Dromen kunnen je op sleeptouw nemen om nieuwe inzichten te krijgen of juist aanzetten tot actie.
Arnon Grunberg heeft onlangs de P.C. Hooftprijs 2022 toegekend gekregen voor zijn gehele oeuvre tot nu toe. Volgens De Volkskrant werd dat ook wel eens tijd. Zij beschrijven hem prijzend als een ‘virtuoos ontsnappingskunstenaar’. In 1993 schreef een jonge Grunberg, nog voordat hij was gedebuteerd, reeds een brief aan zijn mentor, Jan Ritsema, waarin hij op grootse wijze voorspelde dat hij ooit met deze prestigieuze prijs aan de haal zou gaan. Deze brief is later opgenomen in de bundel Aan nederlagen geen gebrek uit 2016, waarin brieven en documenten staan die Grunbergs tumultueuze, jonge jaren beschrijven, nog voordat hij uiteindelijk doorbrak met zijn debuutroman Blauwe maandagen.

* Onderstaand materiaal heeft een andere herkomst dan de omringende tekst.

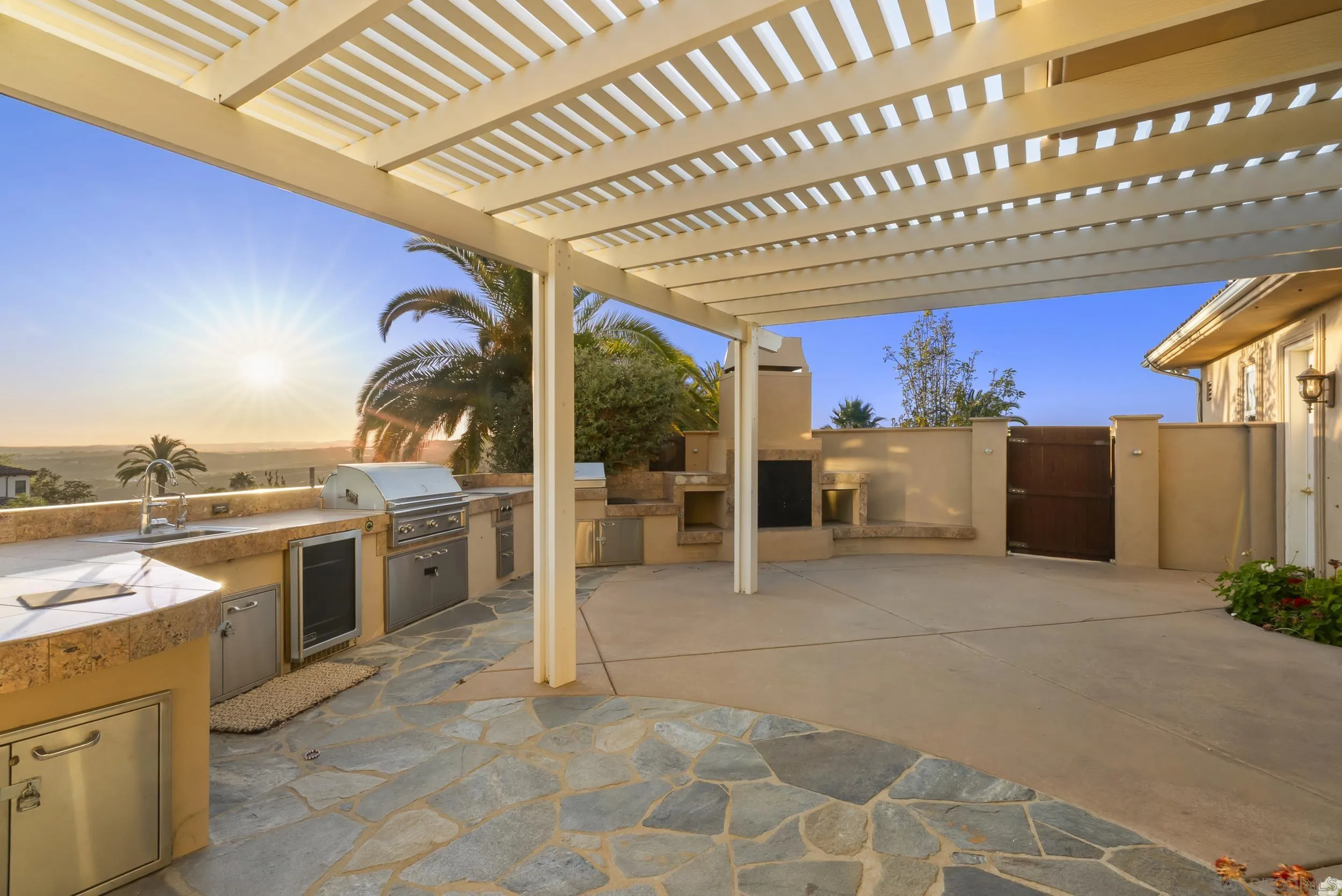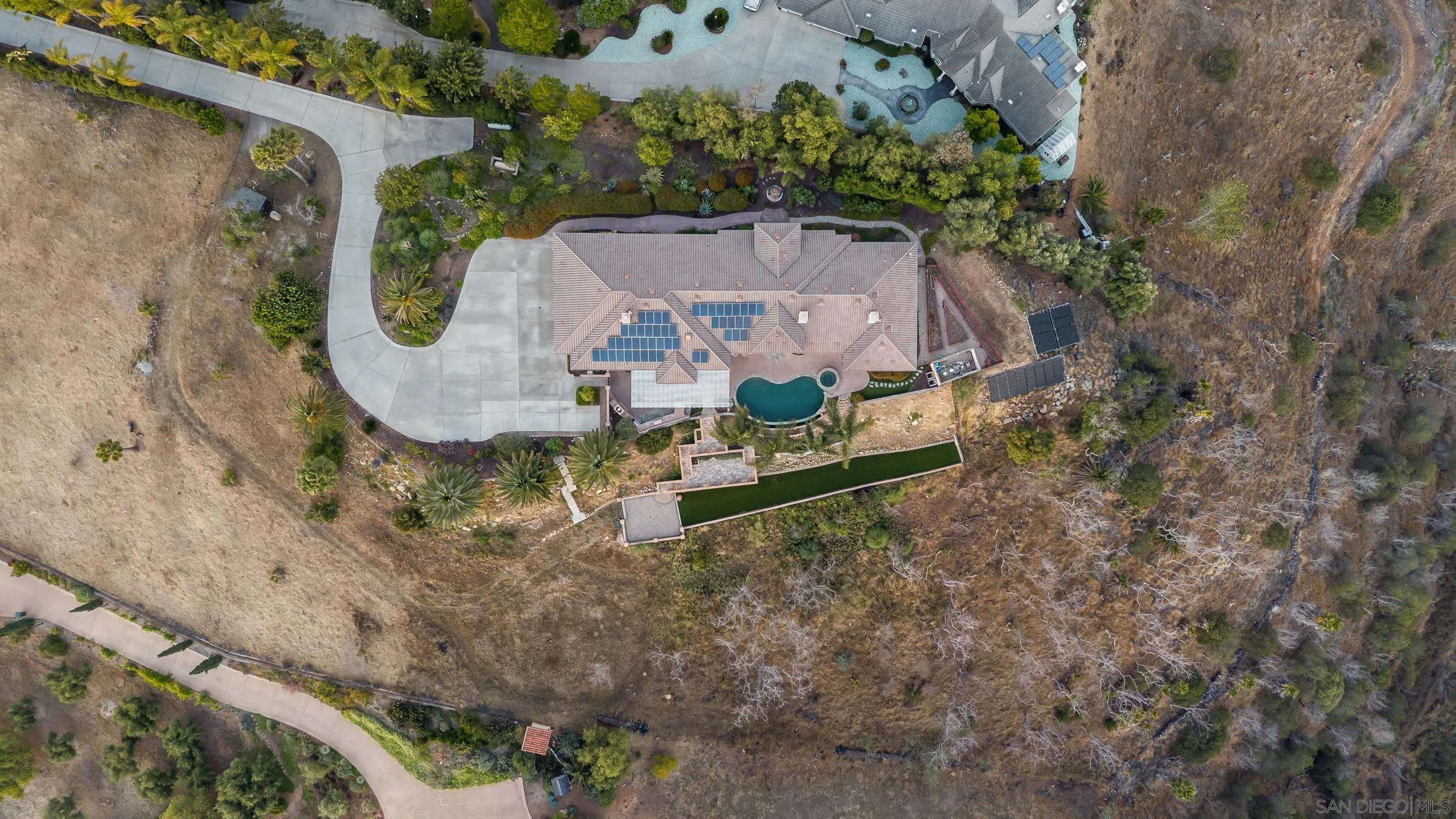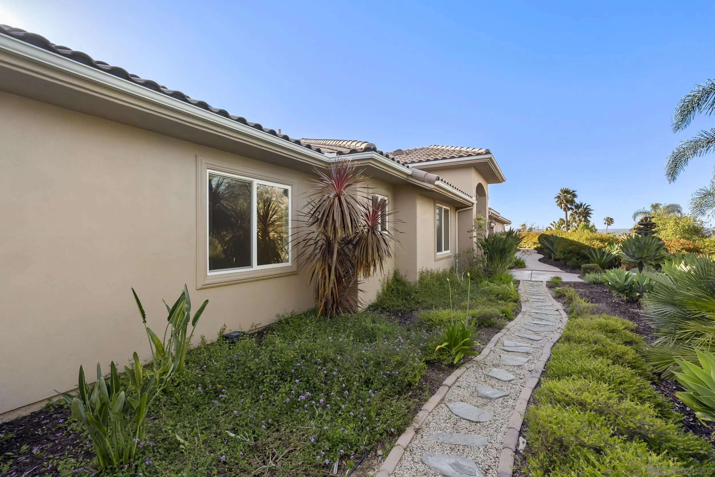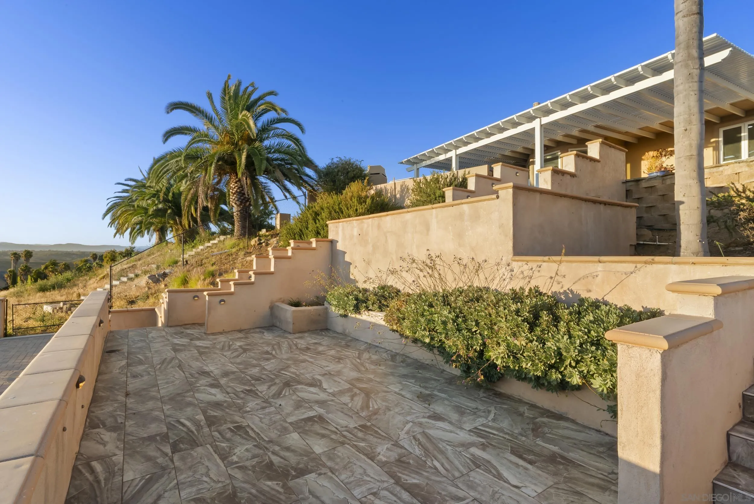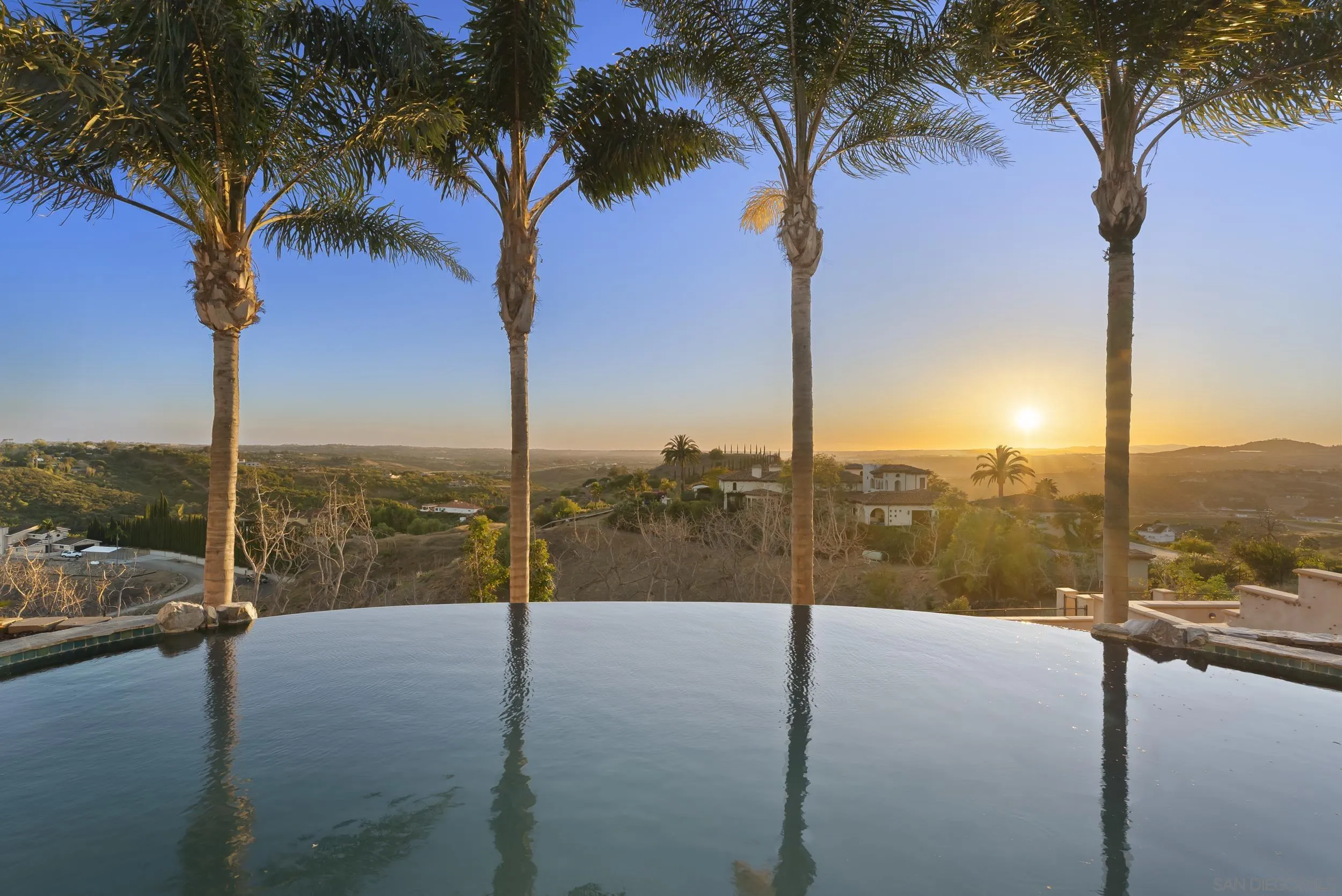 Set on over 5 acres in the hills of Bonsall, this 5,412 sq ft custom single-level estate, built in 2005, captures sweeping 360° views of the San Luis Rey Valley and beyond. A gated, tree-lined drive leads to a thoughtfully designed home featuring 4 bedrooms plus 2 offices, each bedroom with its own en-suite bath, and a spacious primary suite with a walk-in closet and flex space for a gym or lounge. Designed for seamless indoor/outdoor living, the home offers a chef’s kitchen with a large island, three fireplaces, fire sprinklers, an oversized laundry room, and a four-car garage. The resort-style grounds feature an infinity-edge pool and spa, outdoor kitchen, and a dedicated pool bathroom with shower, perfect for entertaining. The property includes a variety of fruit trees, avocado trees, and space to expand into a full avocado grove. Fully paid-off solar, septic, and usable land with room for future expansion complete the offering. Private, scenic living just minutes from the I-15.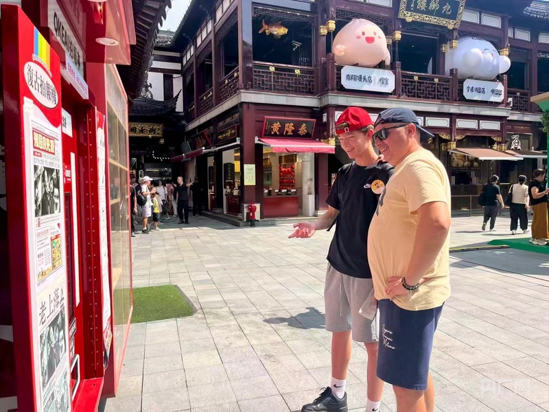 正在體驗(yàn)復(fù)古拍報(bào)機(jī)的俄羅斯父子 (央廣網(wǎng)記者 沈梅攝)
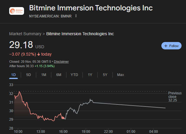 BitMine, whose enterprise has shifted towards accumulating Ethereum on its steadiness sheet, dropped 9.5% to $29.18 earlier than recovering greater than 6% in late buying and selling.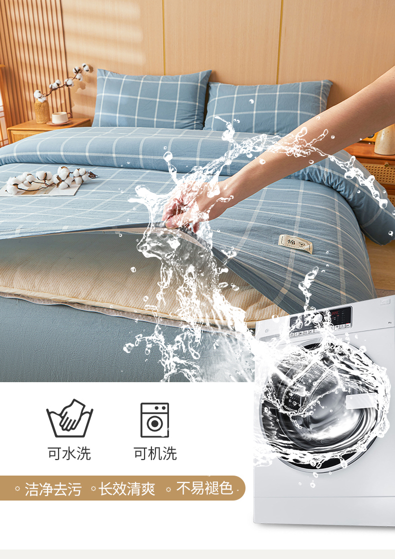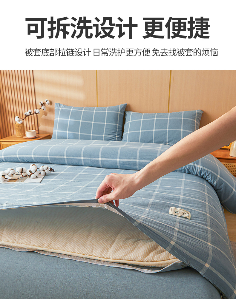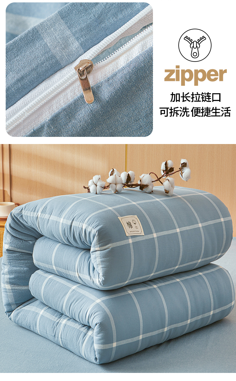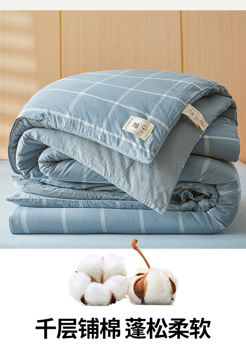 • 91家纺网 家纺一手货源 找家纺 爱屋及屋 2025新款水洗棉可拆洗棉花被被子被芯 海蓝大格

Je zou kunnen zeggen dat aan de, al dan niet geveinsde, grootmoedigheid die Arnon Grunberg destijds beschreef, jeugdige naïviteit, bravoure en borstklopperij ten grondslag ligt. Zeker wanneer je zinnen leest als: ‘Ik denk dat je door te schrijven iemand helemaal gek op je kunt laten worden, sterker nog, totaal in je ban kunt laten geraken. En dat denk ik niet alleen, ik wil het ook bewijzen. Het is me nog niet gelukt, dat geef ik toe, maar het zal me lukken…’ Echter, je zou het ook kunnen omdraaien en zeggen dat hij zijn dromen probeerde te verwezenlijken, doorzettingsvermogen had en karakter toonde. Hij was al eerder, zonder diploma, van het Amsterdamse Vossius Gymnasium afgetrapt, slaagde er niet in om een gewenste acteercarrière op te bouwen en hij had torenhoge schulden vanwege het floppen van zijn eigen opgezette uitgeverij. Grunberg droomde ervan een groots en gevierd schrijver te worden en deed er vervolgens alles aan om dat doel te bereiken.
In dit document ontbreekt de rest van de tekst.